2016 Policy Recommendations: CIRMS highlights current deficiencies and suggests informed dialog to address these 2016 Needs in Ionizing Radiation Measurements and Standards:

1. Secure the nation's electronic infrastructure: There exists a critical need for a traceable measurement standard for low alpha particle emissions to improve reliability of semiconductors and computer systems to support defense, aerospace, global banking, advanced manufacturing and the Internet of Things.

2. Ensure the safety of patients, food and manufactured products: Now that Co-60 source suppliers no longer provide reloading of Gamma Cell irradiators to support traceability to the US national standard for for industrial and manufacturing applications, and medical device sterilization, there exists a critical need to assure the availability of national measurement standards for high dose rate gamma irradiation.

3. Maintain US leadership in our future technological workforce: There exists a need for targeted funding for students to engage with scientific leaders in academia, federal labs, agencies and leading industry to sustain global leadership through an educated workforce which ensures stability of expertise in ionizing radiation measurements and standards.

2011 Policy Recommendations: CIRMS highlights current deficiencies and suggests informed dialog to address these 2011 Needs in Ionizing Radiation Measurements and Standards:

1. US Congress must find ways to better inform the public perception of radiation or risk reducing scientific advantage, economic advantage and domestic job creation.

2. The Federal Government and associated Regulatory Agencies should immediately prioritize developing 21st century rules and regulations, informed by the scientific community, to enable progress toward elimination of food-borne pathogens/pests, increase shelf life and inhibit sprouting and maturation, while increasing food safety.

3. A virtual national laboratory consortium is needed that can support regulatory, research and development uses and measurement of ionizing radiation to leverage national brick and mortar assets at universities, DoE laboratories, and government laboratories.

4. An independent review panel should be established to evaluate all requests for isotopes that are not now currently available from commercial sources, based on recommendations from CIRMS, the National Academies Nuclear and Radiation Studies Board (NAS NRSB) and the Nuclear Regulatory Commission (NRC).
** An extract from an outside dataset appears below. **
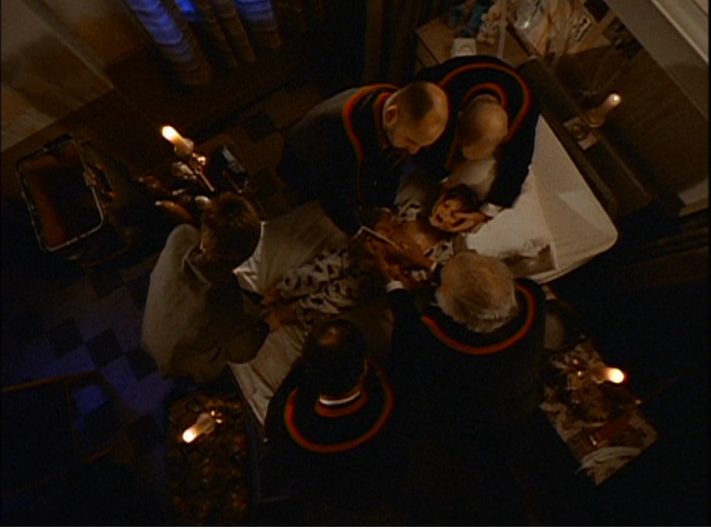 Charlie then has a fit and is taken to hospital. Doctors admit him for observation. Later that night, a nurse comes in to give him a shot to help him sleep. He panics, and Michael appears behind her and knocks her out. Michael then goes to Maggie and persuades her to bring him home. The alarm is raised when our heroes find Charlie still in his room and see Maggie leaving with Michael from the window. The nurse comes to and says Charlie didn’t attack her, it was “the other one”. Scully goes after Maggie while Mulder calls in the old men; the “Calusari” of the title. Maggie had earlier explained that they are responsible for ensuring the correct observance of sacred rites in Romania.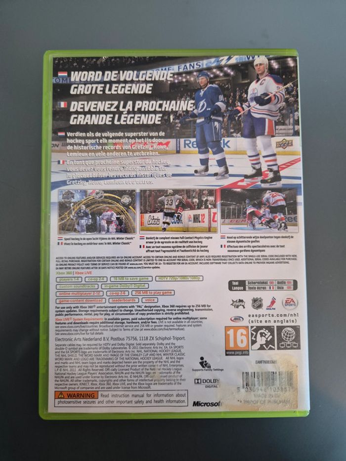 NHL 12 XBOX 360. Excellent état, proche du neuf. -20% de réduction activée automatiquement à partir de 5 articles. Vendu comme sur les photos. Envoi sous 24h sauf les dimanches et jours fériés si achat réalisé avant 20h. (Mondial Relay, Bpost) Pour les envois Homerr et UPS, envoi sous 48h du lundi au vendredi.

5. National dialog among NIH, NIST, university, and DoE laboratories is needed to better control the supply of the molybdenum-99 isotope.
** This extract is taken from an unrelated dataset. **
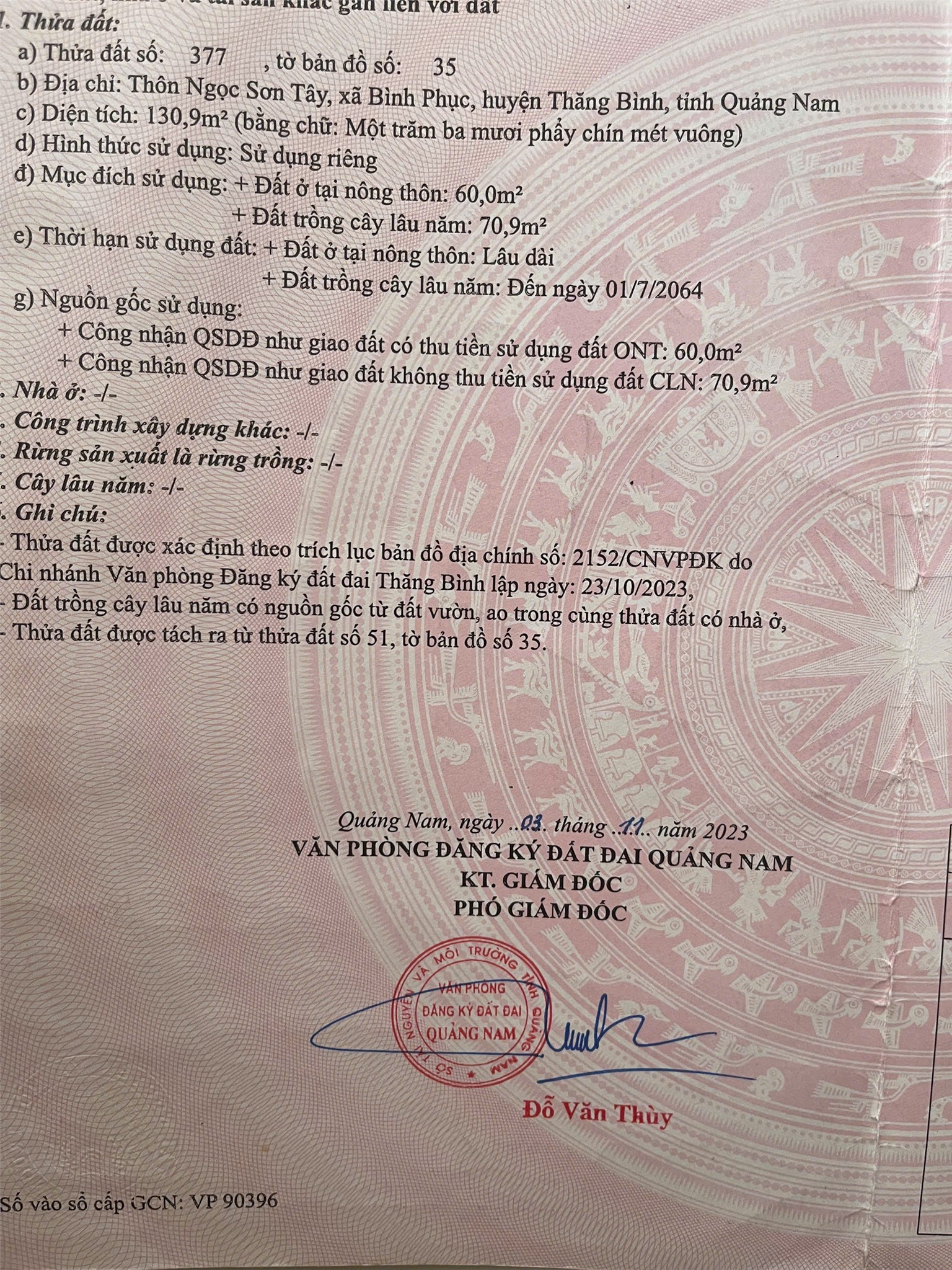 ** Diện tích: 130,9m2 thổ cư 60m2

6. A coherent long-term funding mechanism must be found to support maintenance of the mathematical modeling codes implementing the effects of ionizing radiation on materials.


Metrology Needs: Each year, each of the subcommittees of the CIRMS Science and Technology Committee prepares a series of Measurement Program Descriptions (MPDs). These emerge through data sharing and focused discussion at CIRMS meetings and workshops. The MPDs offer guidelines for scientific funding agencies, corporations or academic investigators with ties to ionizing radiation about issues which the community feels are relevant today. These represent potential target areas for funding research, where federal regulation may soon change, and where new ideas and rules may propel emerging technologies into new markets. These needs are grouped into the 2011 CIRMS focus areas: 1) medical applications, 2) personnel and environmental radiation protection, 3) homeland security technologies, and 4) industrial applications and materials effects.